Python integration for Stan (in the style of R's ulam)

I’ve been quite impressed by the ulam R package which is used in the (excelent) Rethinking Statistics online lectures. However, I don’t like R very much, and as a result I usually end up using python and write models directly in stan. The only problem of writing raw stan is that if I want to use a more restricted language (which I often do), I can get the model to egnerate the log likelihood for each datapoint (for LOO validation) and the posterior values of the parameters (for PPC). I’ve decided to implement a way of specifying high level models in python. The end goal is to add easy support for missing data (with data imputation, of course),automatic data generation for PPC and log likelihood calculation for LOO. I came up with this:

from ulam import *

with UlamModel() as m:
    # Should go to the data block
    N = m.data('N', m.integer())
    x = m.data('x', m.vector(N), missing_data=True)
    y = m.data('y', m.vector(N), missing_data=True)

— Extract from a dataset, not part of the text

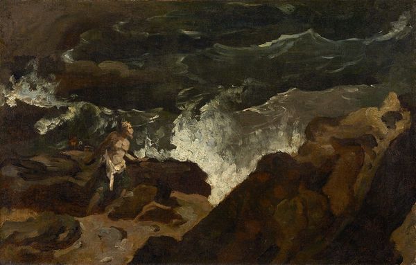 Curator: Goya’s "Brigand Stripping a Woman," created around 1800, certainly presents a stark vision, doesn’t it? Editor: Absolutely. My first impression is one of palpable dread. The almost monochromatic palette heightens the drama, pushing the narrative to the forefront. Curator: Indeed. Goya painted this during a time of immense social upheaval. It reflects the violence and insecurity that were becoming rampant, particularly experienced by women in times of war. It also illustrates how the art world often focuses on conflict and disruption as political signifiers of change. Editor: The woman's vulnerability is so potent; her body becomes a battleground, symbolizing broader societal struggles and patriarchal violations. The composition, especially the dramatic use of chiaroscuro, reminds me of feminist writings on the objectification of the female form. Is her identity fully extinguished to emphasize that role as symbolic vessel? Curator: Exactly. Think about how paintings like these were circulated and viewed at the time. The private collections where works like this would reside acted almost like political clubs—elite spaces where opinions were formed. Editor: Right. It’s interesting how Goya, known for his courtly portraits, could also turn his gaze toward such brutal scenes. Is it a critique of power, or perhaps, in some way, a reflection of its inherent violence? Curator: Perhaps both? The painting uses history as a dark mirror, reflecting uncomfortable truths about humanity, class, and, as you noted, deeply entrenched power structures. The politics of imagery serve to shape our perception of not only women, but also social values of that era. Editor: I see Goya’s painting less as a historical document and more as an allegory of human cruelty. His commentary is on systemic injustice. The image evokes parallels in contemporary scenarios: marginalized people, gender-based crimes, economic disparities... sadly timeless, isn't it? Curator: Timeless in its subject matter, certainly. As art historians, examining these visual texts offers unique windows onto both the past and ourselves, doesn't it? Editor: Indeed. It serves as an invitation, even a demand, to continue reflecting on the role and impact of art in our societies.
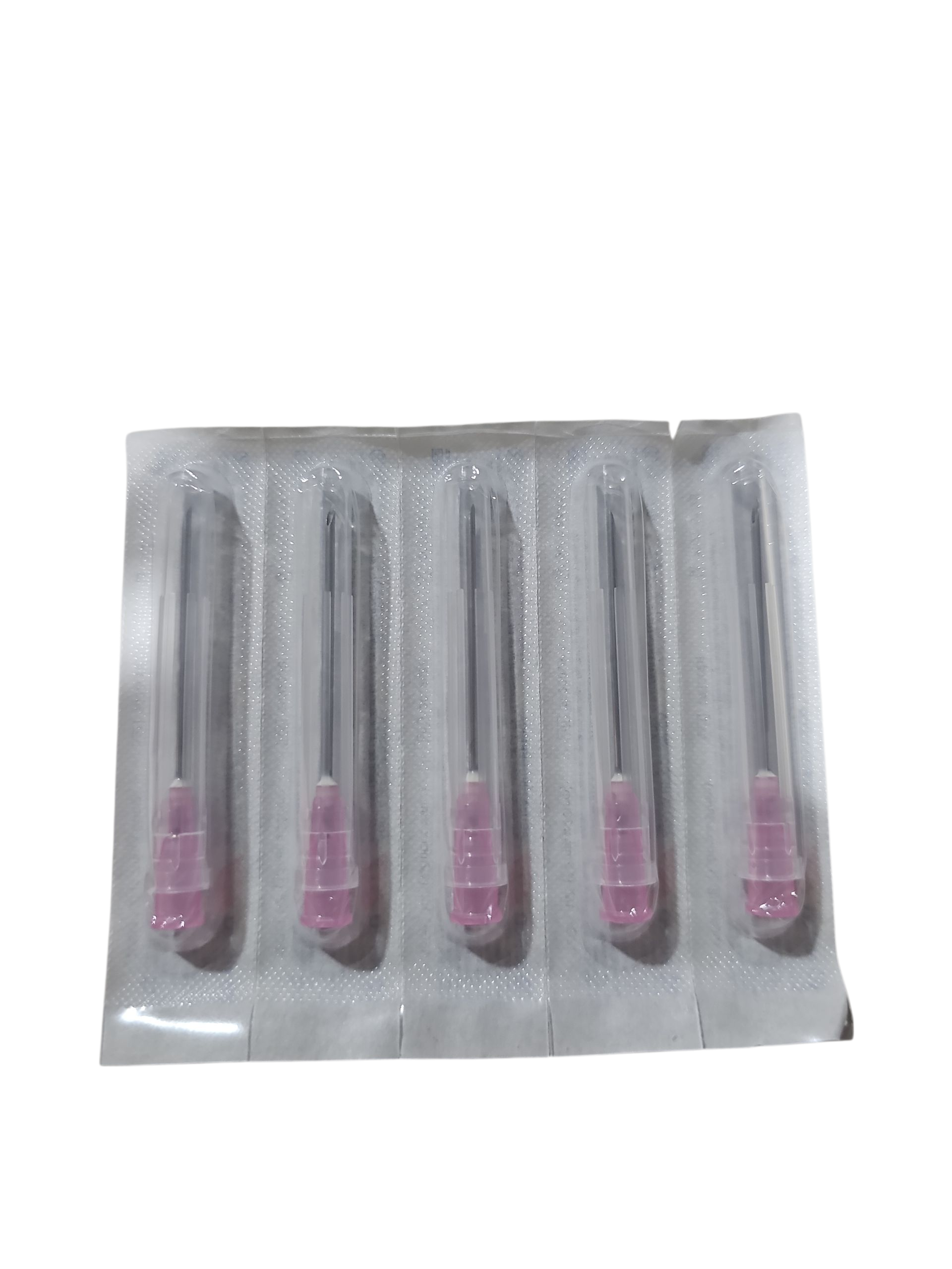El color rosa identifica la medida 18G x 1 1/2'' (38 mm), recomendada para procedimientos que requieren alto flujo, como la extracción de sangre, administración de soluciones y otros usos médicos específicos 💧.

    # Should go to the parameters block
    intercept = m.parameter('intercept', m.real())
    slope = m.parameter('slope', m.real())
    error = m.parameter('error', m.real(lower=0))

    # Should go to the generated quantities block
    log_lik = m.generated('log_lik', m.vector(N))
    y_hat = m.generated('y_hat', m.vector(N))

    # Instead of relying on stan's vectorization, I've decided to be explicit
    # regarding iteration using indices. This makes it easy to manipulate
    # the program in order to proparly handle missing data.
    for i in m.range('i', 1, N):
        # The `^` (xor) operator represents a sampling statement:
        # -------------------------------------------------------
        # y[i] ~ normal(x[i] * slope + intercept, error)
        y[i] ^ m.normal(x[i] * slope + intercept, error)

    for i in m.range('i', 1, N):
        # The `<<` (left shift) operator represents the stan assignment operator (=)
        # --------------------------------------------------------------------------
        # log_lik[i] = normal_lpdf(y[i], x[i] * slope + intercept, error)
        log_lik[i] << m.normal_lpdf(y[i], x[i] * slope + intercept, error)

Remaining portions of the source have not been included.